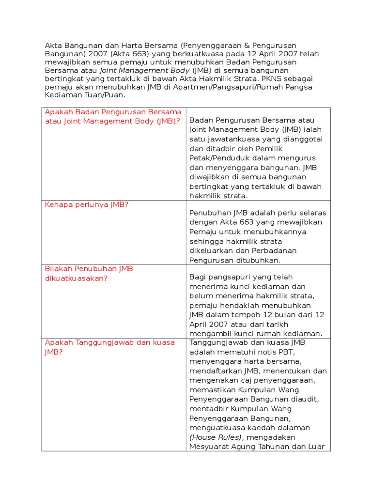 Suatu akta untuk mengadakan peruntukan bagi penyenggaraan dan pengurusan bangunan dan harta bersama dengan sempurna dan bagi perkara perkara yang bersampingan dengannya. Akta bangunan dan harta bersama penyelenggaraan dan pengurusan 2007 akta 663 building and common property maintenance and management act 2007 act 663 applicable by laws undang undang kecil pelesenan tred perniagaan dan perindustrian majlis perbandaran pasir gudang 2017. Akta bangunan dan harta bersama penyenggaraan dan pengurusan 2007 bagi mengatasi masalah penyenggaraan dan pengurusan bangunan dan harta bersama.
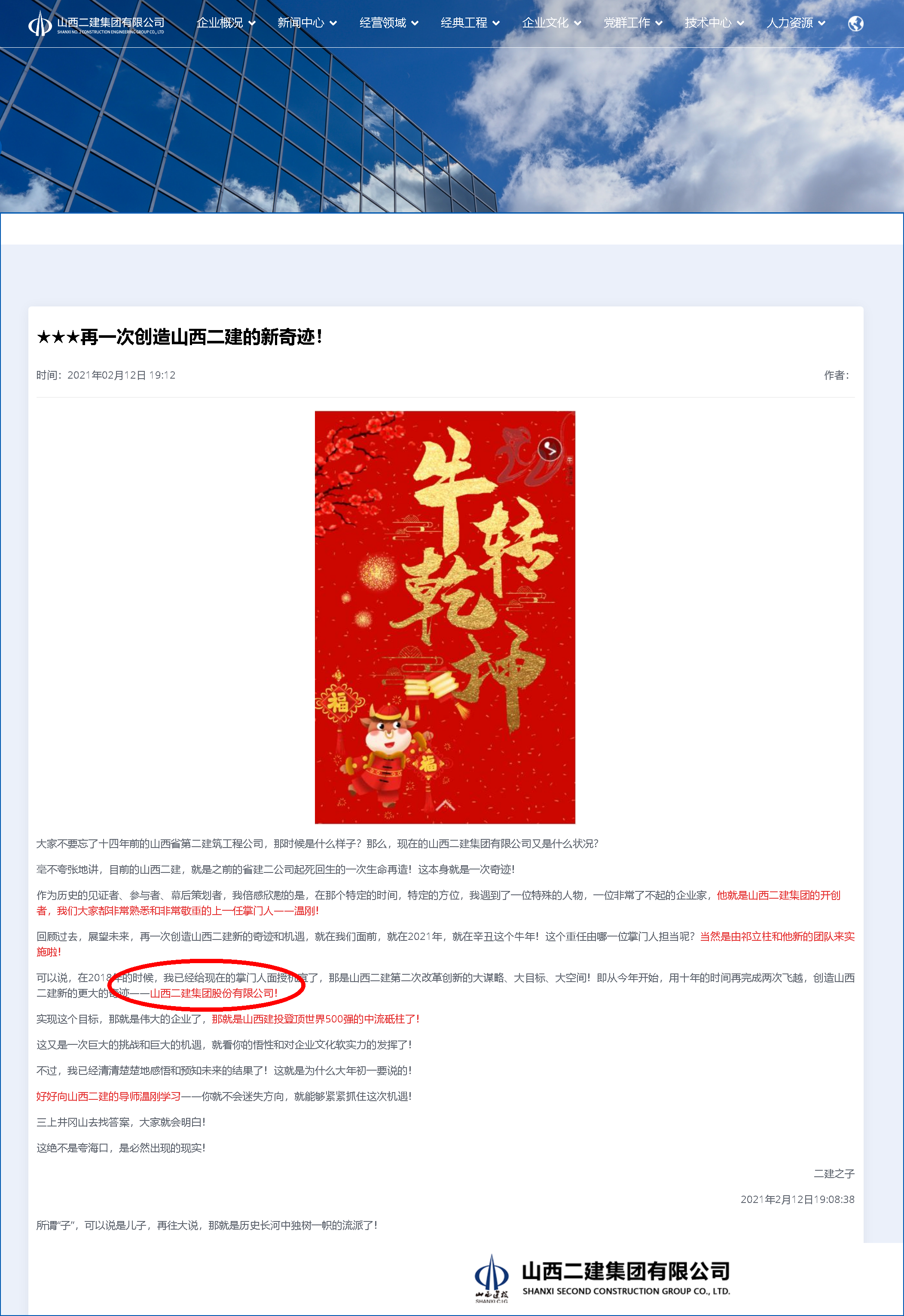 回顧過(guò)去,展望未來(lái),再一次創(chuàng)造山西二建新的奇跡和機(jī)遇,就在我們面前,就在2021年,就在辛丑這個(gè)牛年!這個(gè)重任由哪一位掌門人擔(dān)當(dāng)呢?當(dāng)然是由祁立柱和他新的團(tuán)隊(duì)來(lái)實(shí)施啦!
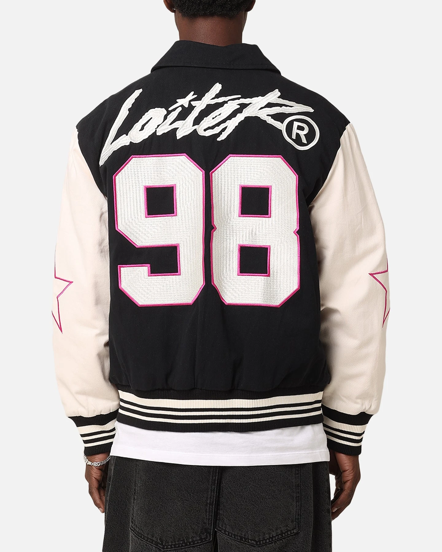 Stay warm while looking fresh and who better to heat up your wardrobe than Loiter! This jacket features a mix of embroidered graphics and chenille appliqués that’ll get you all the compliments, contrast cuffs and hems add a little something extra and the snap summary closure finishes off the classic varsity jacket vibe. Cop yours today at Culture Kings.
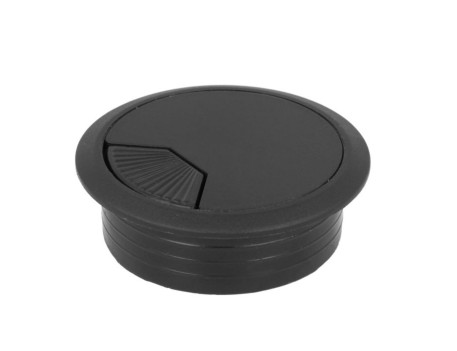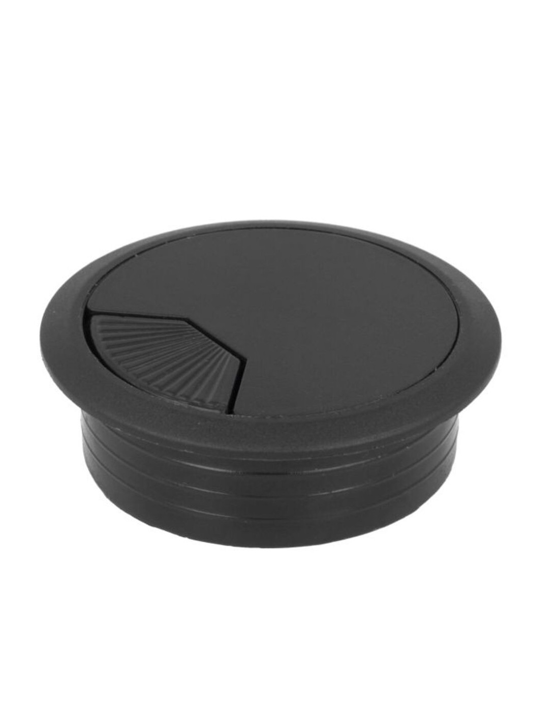 Tapón pasacables AMIG M.140 60x72 mm en color negro. Ideal para organizar y proteger cables en instalaciones eléctricas y de comunicación.

• [TASK DIRECTIONS] All of the material above is to be retyped exactly, with no pictures included.

• [TASK RESULT]
 Suatu akta untuk mengadakan peruntukan bagi penyenggaraan dan pengurusan bangunan dan harta bersama dengan sempurna dan bagi perkara perkara yang bersampingan dengannya. Akta bangunan dan harta bersama penyelenggaraan dan pengurusan 2007 akta 663 building and common property maintenance and management act 2007 act 663 applicable by laws undang undang kecil pelesenan tred perniagaan dan perindustrian majlis perbandaran pasir gudang 2017. Akta bangunan dan harta bersama penyenggaraan dan pengurusan 2007 bagi mengatasi masalah penyenggaraan dan pengurusan bangunan dan harta bersama.
 回顧過(guò)去,展望未來(lái),再一次創(chuàng)造山西二建新的奇跡和機(jī)遇,就在我們面前,就在2021年,就在辛丑這個(gè)牛年!這個(gè)重任由哪一位掌門人擔(dān)當(dāng)呢?當(dāng)然是由祁立柱和他新的團(tuán)隊(duì)來(lái)實(shí)施啦!
 Stay warm while looking fresh and who better to heat up your wardrobe than Loiter! This jacket features a mix of embroidered graphics and chenille appliqués that’ll get you all the compliments, contrast cuffs and hems add a little something extra and the snap summary closure finishes off the classic varsity jacket vibe. Cop yours today at Culture Kings.
 Tapón pasacables AMIG M.140 60x72 mm en color negro. Ideal para organizar y proteger cables en instalaciones eléctricas y de comunicación.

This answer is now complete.